Work required: Copy the records below in full, keeping each word as it is but omitting the pictures.

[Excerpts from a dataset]
********
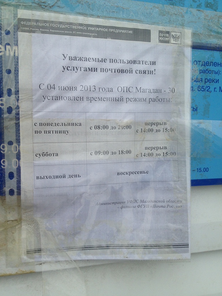 Подскажите, как щас работает 30-е отделение связи? Интересует окошко выдачи посылок, ессно ))) В воскресенье выходной. Спасибо! — Basya
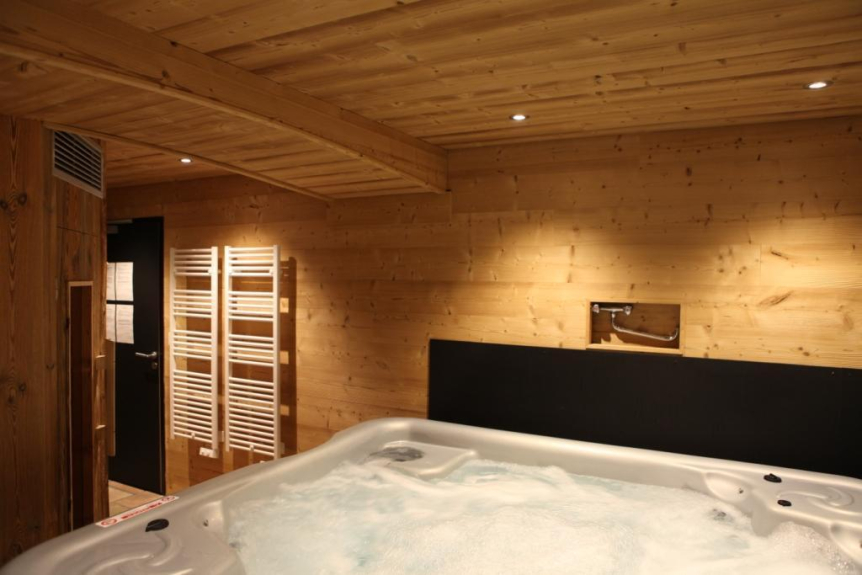 puedes disfrutar de la sauna y el jacuzzi sin tener que salir del chalet dentro de los límites del horario (8.30-8.30)
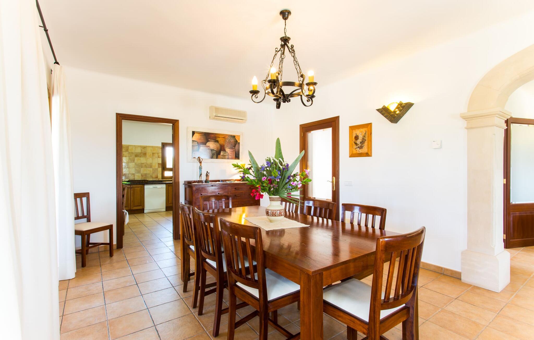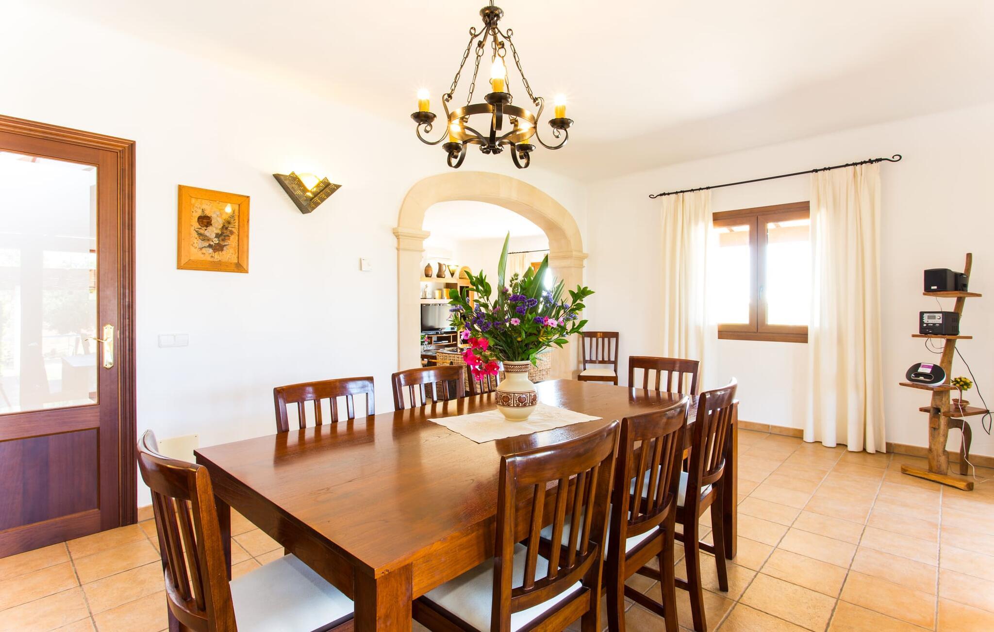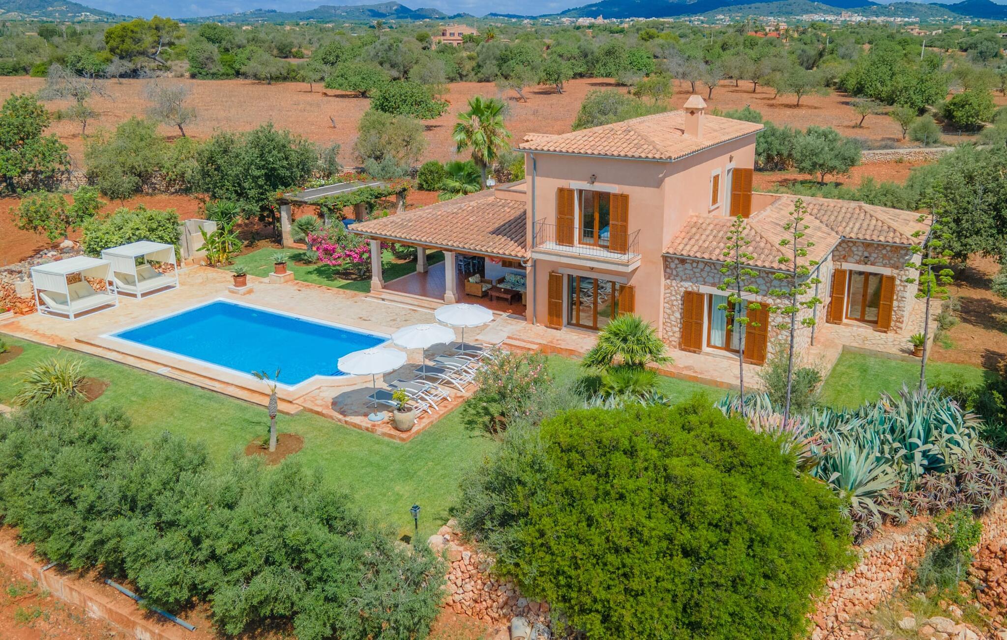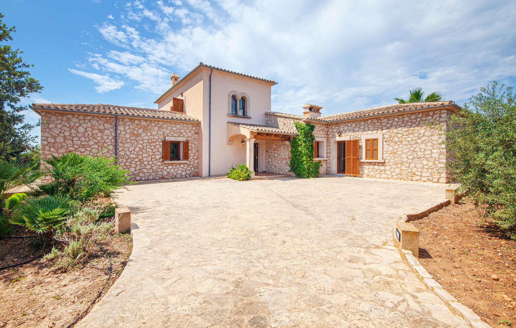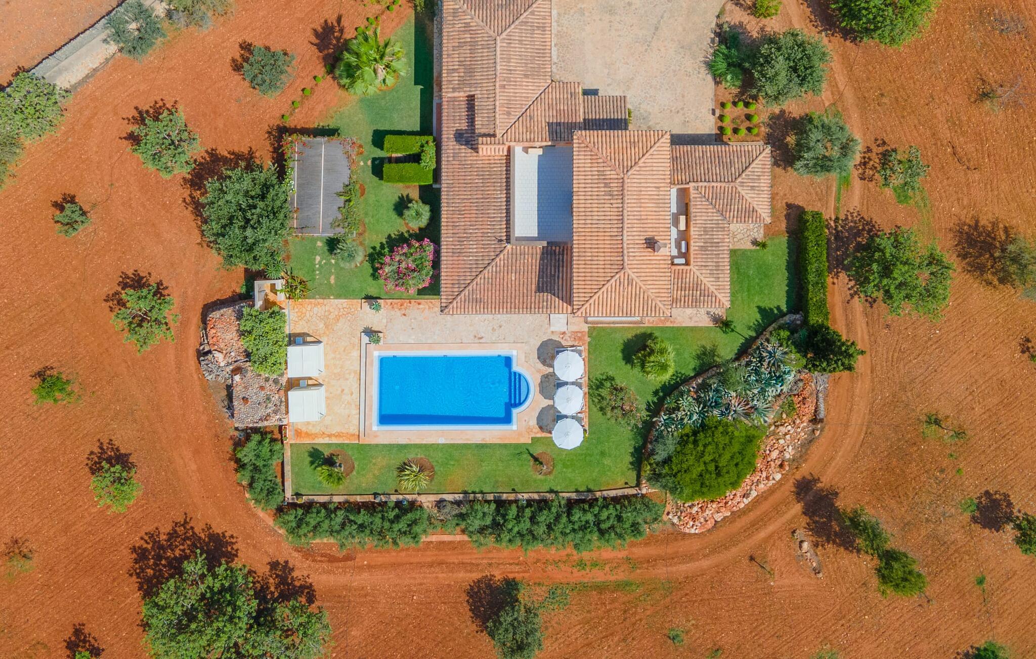 På en klar solskinsdag tager vi til villaen "Cas Fidever" efter at være blevet inviteret på en sightseeingtur af ejeren Miquel. Efter en dejlig køretur gennem landskabet omkring villaen er vi nysgerrige på ejendommen og bliver mødt med en varm velkomst. Det er et yderst smukt sommerhus og fremstår meget velholdt. Det første Miquel viser os er det utroligt alsidige udendørsområde. Ejendommen er omgivet af frodigt middelhavsgrønt og har nogle spektakulære områder til at tilbringe hele dagen udendørs, som vi bestemt skal se nærmere på. Mellem huset og poolen er der en stor overdækket terrasse, der omkranser en del af bygningen. Det er lidt forhøjet og byder på en fantastisk udsigt over poolen og haven. På den ene side af terrassen er der et stort, rustikt spisebord, på den anden side er der et opholdsområde med nogle meget behagelige rattanstole. Begge områder er indbydende på hver deres måde, alt efter om I vil spise behageligt udendørs eller slappe af med en kølig drink. I nærheden af spisebordet er der også et lille udekøkken med en muret grill, hvor I kan tilberede lækre måltider om aftenen. Udenfor i haven er der et luftigt, overdækket, pavillonlignende område - her kan I spille bordtennis. Efter et intenst spil bordtennis kan I skylle af i den praktiske udendørs bruser og derefter hoppe direkte ind i den luksuriøse swimmingpool, som er et rigtigt syn med sine udsmykkede flisetrin og mørkeblå trim. Bassinets dybde varierer mellem 1,20 m og 1,85 m. Når I er klar til at slappe af, kan I finde jer tilpas på græsplænen eller på de lidt mere behagelige liggestole ved poolkanten, evt. med parasoller. Og I skal nok finde en måde at afgøre, hvem der må ligge på den smukke udendørs daybed smukt placeret foran en bred naturstensmur. Nu er vi virkelig spændte på at se indersiden af dette hus. Er indersiden af villaen lige så smuk som det, vi lige har set her? Det er det bestemt! Det første, vi bemærker, er, hvor let og behagelig atmosfæren er her. De lyse hvide vægge i kombination med møblernes overvejende naturlige brune toner skaber en stemning af afslappet komfort, der tiltrækker og inviterer jer til at blive hængende. I stueetagen er der det primære opholds- og spiseområde, et stort køkken og tre smagfuldt indrettede soveværelser med aircondition samt tre moderne badeværelser. Sofaer med leopardtryk skaber en slags safaristemning i stuen, hvor I kan slappe af og læse lidt, lytte til musik, se en god film på tv eller surfe på internettet – her er mere end nok at lave. Og på køligere aftener bidrager en pejs til den hyggelige atmosfære. En bred stenbuegang fører til en ret statelig spiseplads, hvis I kunne tænke jer at nyde et lækkert måltid indendørs. Herfra er der kun få skridt til det rummelige køkken, som er fuldt udstyret med komfur, ovn, mikroovn, køleskab, opvaskemaskine, elkedel og Melitta kaffemaskine. Den er rummelig nok til, at flere personer kan tilberede gode måltider sammen. Der er endda plads til et ekstra spisebord, der komfortabelt kan rumme op til seks personer. Ovenpå er der endnu et indbydende, airconditioneret soveværelse med en-suite badeværelse og en lille tagterrasse med spektakulær udsigt. Placeringen af denne villa kunne ikke være bedre, da kystområdet omkring den sydlige spids af øen er spækket med unikke bugter med fine sandstrande, der skråner blidt ud i havet. Der er desuden en landevej ca. 300 m fra boligen, som giver mulighed for hurtigt at nå mange smukke udflugtsmål i området. Ud over Cala d'Or (4,5 km) er Santanyí (11 km) og S'Horta (4 km) større byer i nærheden, som begge byder på fremragende shoppingmuligheder. I er også meget tæt på "Parc natural de Mondragó", som med sine seværdigheder som sjældne orkideer og over 70 forskellige fuglearter gør dette naturreservat unikt og absolut et besøg værd. Villaen "Cas Fidever" ligger på en 9.000 m² stor grund i det sydlige Mallorcas landskab, direkte ved indgangen til Cala d'Or. Havet ligger kun godt en kilometer fra dette feriehus. Det er kun omkring 5 minutter i bil til det smukke feriested Cala d'Or, et dejligt sted at slentre eller spise i en af restauranterne. I umiddelbar nærhed er der talrige attraktive sandbugter som Cala Gran og Cala Esmeralda, hver mellem 4 og 5 km væk.
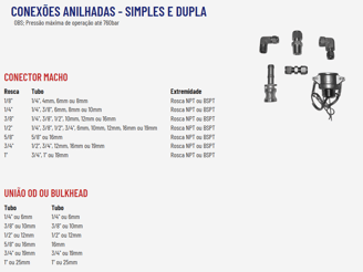 As conexões anilhadas são amplamente utilizadas em sistemas hidráulicos e pneumáticos que exigem alta vedação e resistência mecânica. Seu design com anilha de compressão permite uma montagem segura, garantindo conexões firmes e confiáveis, mesmo em aplicações de alta pressão ou em abmientes severos.
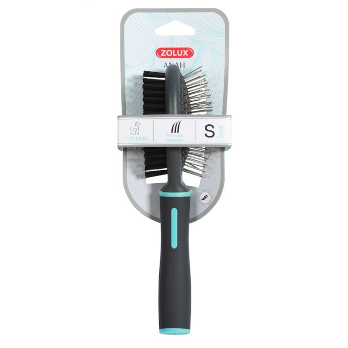 SZCZOTKA DWUSTRONNA MAŁA - metalowe igły umożliwiają szczotkowanie gęstej sierści i delikatne jej rozczesywanie. Nylonowa część doskonale wygładza, pozostawiając lśniącą sierść.
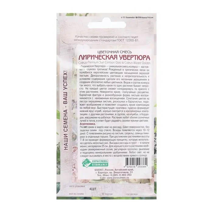«Лирическая Увертюра» - уникальная смесь колеуса- настоящего кружева тропиков! Рожденный в тропических лесах он полюбился европейским цветоводам насыщенной окраской листьев.
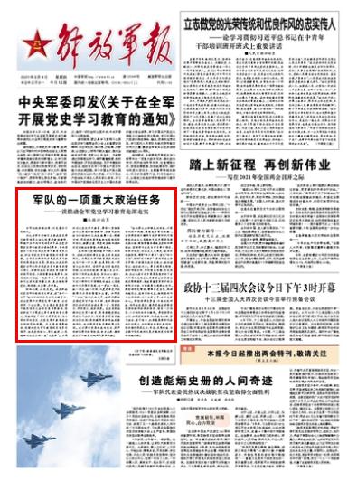 我军作为党绝对领导下的人民军队,在执行党的意志主张上历来走在前列。开展党史学习教育是党的政治生活中的一件大事,也是军队的一项重大政治任务,有利于我们总结历史经验、认识历史规律、掌握历史主动,有利于传承红色基因、牢记初心使命、坚持正确方向,有利于深入学习领会习近平新时代中国特色社会主义思想和习近平强军思想,进一步统一思想、统一意志、统一行动,从党史军史中汲取强军兴军的智慧和力量。今年是“十四五”规划开局之年,我军将聚焦实现建军百年奋斗目标,走好国防和军队现代化新征程的第一步,任务艰巨、责任重大、使命光荣。扎实有效地搞好党史学习教育,是思想建党理论强党的内在要求、向党看齐强固军魂的壮骨补钙、革命精神革命传统的赓续传承、奋斗强军开局开新的强力发动。我们要以更高的政治站位、更严的标准要求抓紧抓实、抓出成效,推动党史学习教育立起新气象新风貌。
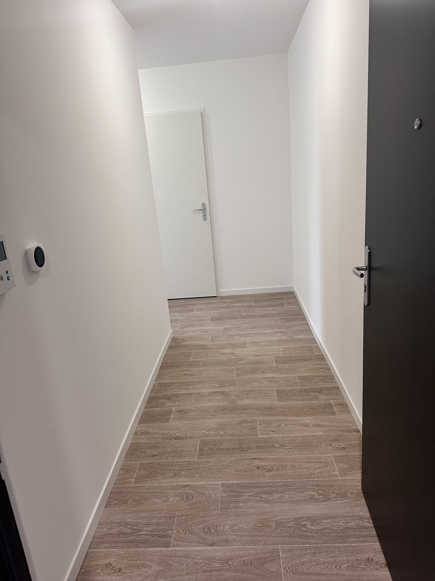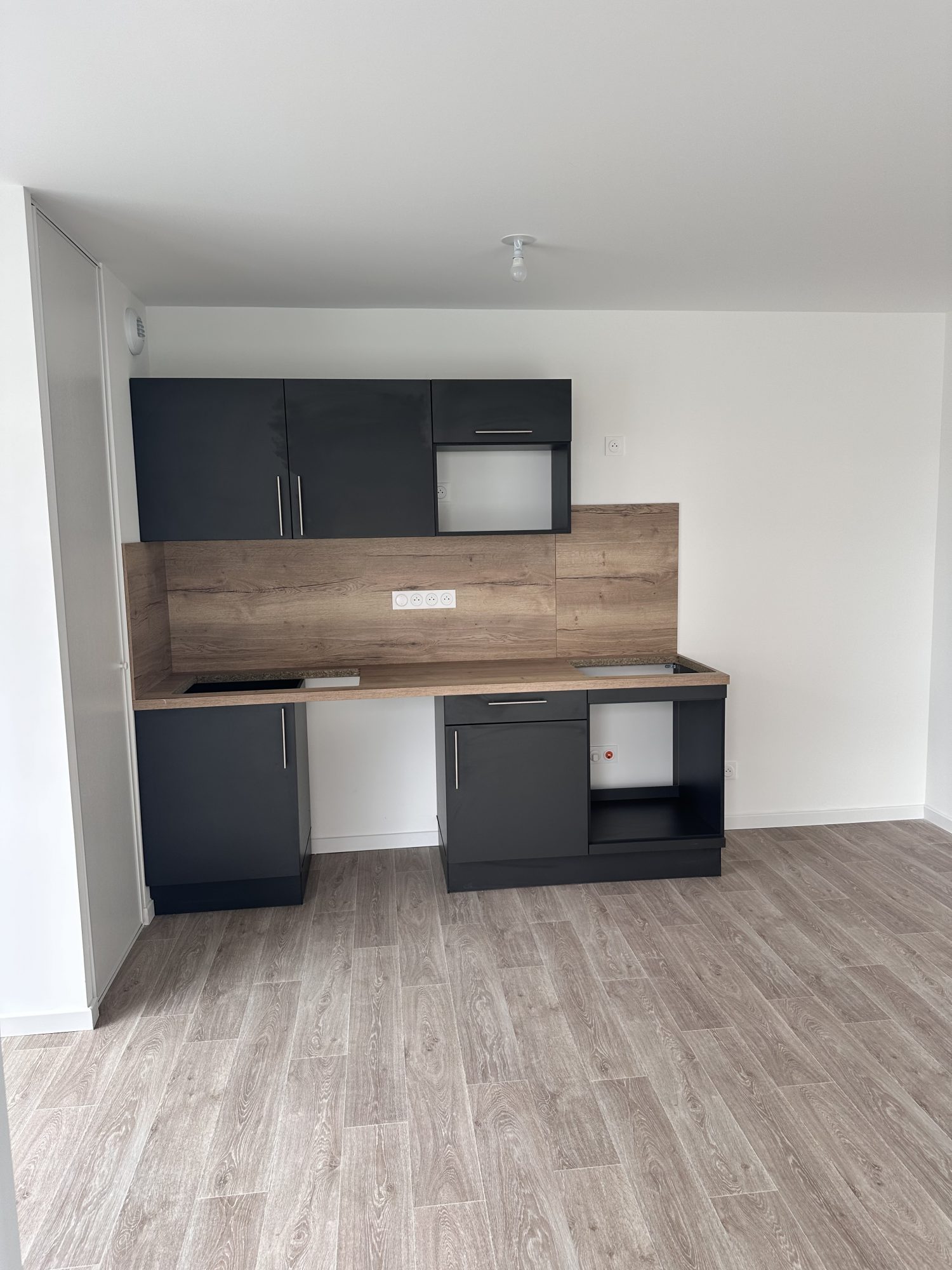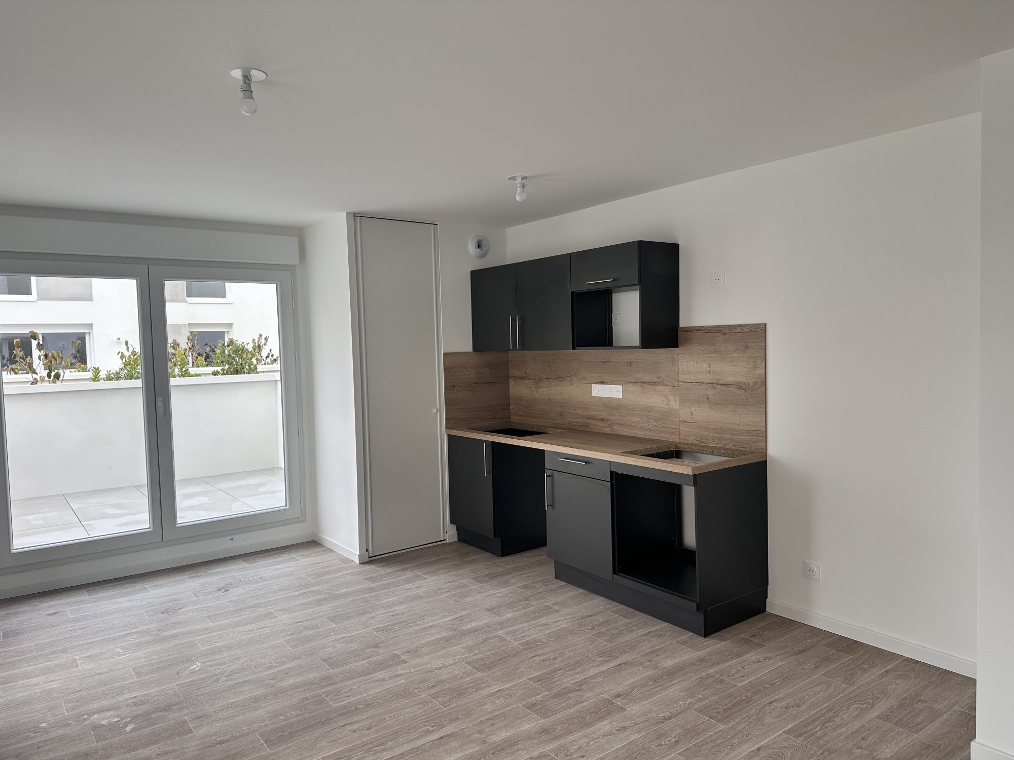 La pièce de vie de 23,81 m² s'ouvre sur un balcon de 8,25 m² et une terrasse de 6 m². La cuisine est entièrement équipée et aménagée (plaques, four et hotte).
********
Answer space:
 Подскажите, как щас работает 30-е отделение связи? Интересует окошко выдачи посылок, ессно ))) В воскресенье выходной. Спасибо! — Basya
 puedes disfrutar de la sauna y el jacuzzi sin tener que salir del chalet dentro de los límites del horario (8.30-8.30)
 På en klar solskinsdag tager vi til villaen "Cas Fidever" efter at være blevet inviteret på en sightseeingtur af ejeren Miquel. Efter en dejlig køretur gennem landskabet omkring villaen er vi nysgerrige på ejendommen og bliver mødt med en varm velkomst. Det er et yderst smukt sommerhus og fremstår meget velholdt. Det første Miquel viser os er det utroligt alsidige udendørsområde. Ejendommen er omgivet af frodigt middelhavsgrønt og har nogle spektakulære områder til at tilbringe hele dagen udendørs, som vi bestemt skal se nærmere på. Mellem huset og poolen er der en stor overdækket terrasse, der omkranser en del af bygningen. Det er lidt forhøjet og byder på en fantastisk udsigt over poolen og haven. På den ene side af terrassen er der et stort, rustikt spisebord, på den anden side er der et opholdsområde med nogle meget behagelige rattanstole. Begge områder er indbydende på hver deres måde, alt efter om I vil spise behageligt udendørs eller slappe af med en kølig drink. I nærheden af spisebordet er der også et lille udekøkken med en muret grill, hvor I kan tilberede lækre måltider om aftenen. Udenfor i haven er der et luftigt, overdækket, pavillonlignende område - her kan I spille bordtennis. Efter et intenst spil bordtennis kan I skylle af i den praktiske udendørs bruser og derefter hoppe direkte ind i den luksuriøse swimmingpool, som er et rigtigt syn med sine udsmykkede flisetrin og mørkeblå trim. Bassinets dybde varierer mellem 1,20 m og 1,85 m. Når I er klar til at slappe af, kan I finde jer tilpas på græsplænen eller på de lidt mere behagelige liggestole ved poolkanten, evt. med parasoller. Og I skal nok finde en måde at afgøre, hvem der må ligge på den smukke udendørs daybed smukt placeret foran en bred naturstensmur. Nu er vi virkelig spændte på at se indersiden af dette hus. Er indersiden af villaen lige så smuk som det, vi lige har set her? Det er det bestemt! Det første, vi bemærker, er, hvor let og behagelig atmosfæren er her. De lyse hvide vægge i kombination med møblernes overvejende naturlige brune toner skaber en stemning af afslappet komfort, der tiltrækker og inviterer jer til at blive hængende. I stueetagen er der det primære opholds- og spiseområde, et stort køkken og tre smagfuldt indrettede soveværelser med aircondition samt tre moderne badeværelser. Sofaer med leopardtryk skaber en slags safaristemning i stuen, hvor I kan slappe af og læse lidt, lytte til musik, se en god film på tv eller surfe på internettet – her er mere end nok at lave. Og på køligere aftener bidrager en pejs til den hyggelige atmosfære. En bred stenbuegang fører til en ret statelig spiseplads, hvis I kunne tænke jer at nyde et lækkert måltid indendørs. Herfra er der kun få skridt til det rummelige køkken, som er fuldt udstyret med komfur, ovn, mikroovn, køleskab, opvaskemaskine, elkedel og Melitta kaffemaskine. Den er rummelig nok til, at flere personer kan tilberede gode måltider sammen. Der er endda plads til et ekstra spisebord, der komfortabelt kan rumme op til seks personer. Ovenpå er der endnu et indbydende, airconditioneret soveværelse med en-suite badeværelse og en lille tagterrasse med spektakulær udsigt. Placeringen af denne villa kunne ikke være bedre, da kystområdet omkring den sydlige spids af øen er spækket med unikke bugter med fine sandstrande, der skråner blidt ud i havet. Der er desuden en landevej ca. 300 m fra boligen, som giver mulighed for hurtigt at nå mange smukke udflugtsmål i området. Ud over Cala d'Or (4,5 km) er Santanyí (11 km) og S'Horta (4 km) større byer i nærheden, som begge byder på fremragende shoppingmuligheder. I er også meget tæt på "Parc natural de Mondragó", som med sine seværdigheder som sjældne orkideer og over 70 forskellige fuglearter gør dette naturreservat unikt og absolut et besøg værd. Villaen "Cas Fidever" ligger på en 9.000 m² stor grund i det sydlige Mallorcas landskab, direkte ved indgangen til Cala d'Or. Havet ligger kun godt en kilometer fra dette feriehus. Det er kun omkring 5 minutter i bil til det smukke feriested Cala d'Or, et dejligt sted at slentre eller spise i en af restauranterne. I umiddelbar nærhed er der talrige attraktive sandbugter som Cala Gran og Cala Esmeralda, hver mellem 4 og 5 km væk.
 As conexões anilhadas são amplamente utilizadas em sistemas hidráulicos e pneumáticos que exigem alta vedação e resistência mecânica. Seu design com anilha de compressão permite uma montagem segura, garantindo conexões firmes e confiáveis, mesmo em aplicações de alta pressão ou em abmientes severos.
 SZCZOTKA DWUSTRONNA MAŁA - metalowe igły umożliwiają szczotkowanie gęstej sierści i delikatne jej rozczesywanie. Nylonowa część doskonale wygładza, pozostawiając lśniącą sierść.
«Лирическая Увертюра» - уникальная смесь колеуса- настоящего кружева тропиков! Рожденный в тропических лесах он полюбился европейским цветоводам насыщенной окраской листьев.
 我军作为党绝对领导下的人民军队,在执行党的意志主张上历来走在前列。开展党史学习教育是党的政治生活中的一件大事,也是军队的一项重大政治任务,有利于我们总结历史经验、认识历史规律、掌握历史主动,有利于传承红色基因、牢记初心使命、坚持正确方向,有利于深入学习领会习近平新时代中国特色社会主义思想和习近平强军思想,进一步统一思想、统一意志、统一行动,从党史军史中汲取强军兴军的智慧和力量。今年是“十四五”规划开局之年,我军将聚焦实现建军百年奋斗目标,走好国防和军队现代化新征程的第一步,任务艰巨、责任重大、使命光荣。扎实有效地搞好党史学习教育,是思想建党理论强党的内在要求、向党看齐强固军魂的壮骨补钙、革命精神革命传统的赓续传承、奋斗强军开局开新的强力发动。我们要以更高的政治站位、更严的标准要求抓紧抓实、抓出成效,推动党史学习教育立起新气象新风貌。
 La pièce de vie de 23,81 m² s'ouvre sur un balcon de 8,25 m² et une terrasse de 6 m². La cuisine est entièrement équipée et aménagée (plaques, four et hotte).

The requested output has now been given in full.